Facts: Friedrich Nottebohm was born September 16, 1881, in Hamburg, Germany. In 1905, he moved
to Guatemala, where he went into business in trade, banking, and plantations with his brothers. The
business prospered, and Nottebohm became its head in 1937. Nottebohm would live in Guatemala until
1943 as a permanent resident without ever acquiring Guatemalan citizenship. He would sometimes visit
Germany on business, and had friends and relatives in both countries. He also paid a few visits to
Liechtenstein to see his brother Hermann, who had moved there in 1931 and became a citizen.

In 1939, Nottebohm again visited Liechtenstein, and on October 9, 1939, shortly after World War II began,
he applied for citizenship. His application was approved and he became a citizen. Under German law, he
lost his German citizenship.
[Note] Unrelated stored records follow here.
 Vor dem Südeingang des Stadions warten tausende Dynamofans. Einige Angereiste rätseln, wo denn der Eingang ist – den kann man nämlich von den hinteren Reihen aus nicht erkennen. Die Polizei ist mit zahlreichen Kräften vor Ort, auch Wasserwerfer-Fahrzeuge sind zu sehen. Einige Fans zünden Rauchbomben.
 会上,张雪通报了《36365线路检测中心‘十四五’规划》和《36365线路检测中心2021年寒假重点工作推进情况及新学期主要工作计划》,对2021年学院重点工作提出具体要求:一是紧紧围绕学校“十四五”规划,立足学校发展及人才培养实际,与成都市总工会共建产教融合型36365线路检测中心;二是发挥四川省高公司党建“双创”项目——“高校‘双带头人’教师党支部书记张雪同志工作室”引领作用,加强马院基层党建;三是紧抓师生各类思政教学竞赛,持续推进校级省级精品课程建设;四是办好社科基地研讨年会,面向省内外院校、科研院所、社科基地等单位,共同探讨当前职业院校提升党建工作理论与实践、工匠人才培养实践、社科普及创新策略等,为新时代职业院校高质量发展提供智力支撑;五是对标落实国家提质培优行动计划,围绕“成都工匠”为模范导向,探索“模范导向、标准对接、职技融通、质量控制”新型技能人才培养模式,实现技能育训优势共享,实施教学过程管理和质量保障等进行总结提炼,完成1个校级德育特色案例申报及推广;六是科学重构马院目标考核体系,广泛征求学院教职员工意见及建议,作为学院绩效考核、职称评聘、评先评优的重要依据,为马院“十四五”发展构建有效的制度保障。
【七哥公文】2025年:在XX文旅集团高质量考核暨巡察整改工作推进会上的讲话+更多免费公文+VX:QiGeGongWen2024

In January 1940, he returned to Guatemala on a Liechtenstein passport and
informed the local government of his change of nationality.
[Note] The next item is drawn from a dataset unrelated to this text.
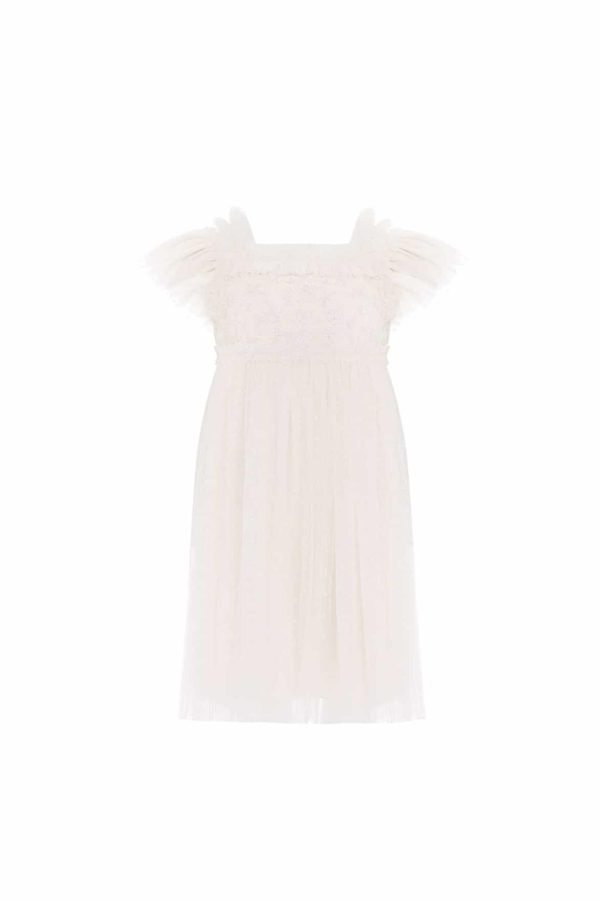 The Midsummer Lace Bodice KIDS Dress in Cream. Inspired by one of our bestselling signature styles,this pretty dress features ruffles around the neckline created from layers of soft,delicate tulle. Beautifully designed with intricate tonal embroidery in vintage lace inspired motifs. The skirt is made with layers of signature Needle & Thread soft tulle. The perfect dress for a flower girl moment or a special occasion.
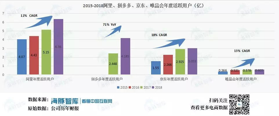 原始数据:阿里、拼多多、京东、唯品会历年财报

Although originally neutral, Guatemala soon sided with the Allies and formally declared war on Germany
on December 11, 1941. In spite of his Liechtenstein citizenship, the Guatemalan government treated
Nottebohm as a German citizen. As part of a massive program in which the US co-operated with various
Latin American countries to intern in the US over 4,000 persons of German ancestry or citizenship,
Nottebohm was arrested by the Guatemalan government as an enemy alien in 1943, handed over to a US
military base, and transferred to the US, where he was interned until 1946. The Guatemalan government
confiscated all his property in the country, and the US government also seized his company's assets in the
US. In 1950, the US government returned to the Nottenbohm family about half the value of what it had
seized. The Guatemalan government held on to his property and returned 16 coffee plantations to his
family only in 1962, after he had died. After his release, he returned to Liechtenstein, where he lived for
the rest of his life.

In 1951, the Liechtenstein government, acting on behalf of Nottebohm, brought suit against Guatemala
in the International Court of Justice for what it argued was unjust treatment of him and the illegal
confiscation of his property. However, the government of Guatemala argued that Nottebohm did not gain
Liechtenstein citizenship for the purposes of international law. The court agreed and so stopped the case
from continuing.

Ruling: Although the Court stated that it is the sovereign right of all states to determine its own citizens
and criteria for becoming one in municipal law, such a process would have to be internationally scrutinized
if the question is of diplomatic protection. The Court upheld the principle of effective nationality
(the Nottebohm principle): the national must prove a meaningful connection to the state in question. That
principle had previously been applied only in cases of dual nationality to determine the nationality that
should be used in a given case. The court ruled that Nottebohm's naturalization as a citizen of
Liechtenstein had not been based on any genuine link with that country, but for the sole purpose of
enabling him to replace his status as the national of a belligerent state with that of a neutral state in a
time of war. The Court held that Liechtenstein was not entitled to take up his case and put forward an
international claim on his behalf against Guatemala:

— Naturalization was asked for not so much for the purpose of obtaining a legal recognition of
Nottebohm's membership in fact in the population of Liechtenstein, as it was to enable him to substitute
for his status as a national of a belligerent State that of a national of a neutral State, with the sole aim of
thus coming within the protection of Liechtenstein but not of becoming wedded to its traditions, its
interests, its way of life or of assuming the obligations-other than fiscal obligations-and exercising the
rights pertaining to the status thus acquired.

Guatemala is under no obligation to recognize a nationality granted in such circumstances. Liechtenstein


consequently is not entitled to extend its protection to Nottebohm vis-à-vis Guatemala and its claim must,
for this reason, be held to be inadmissible.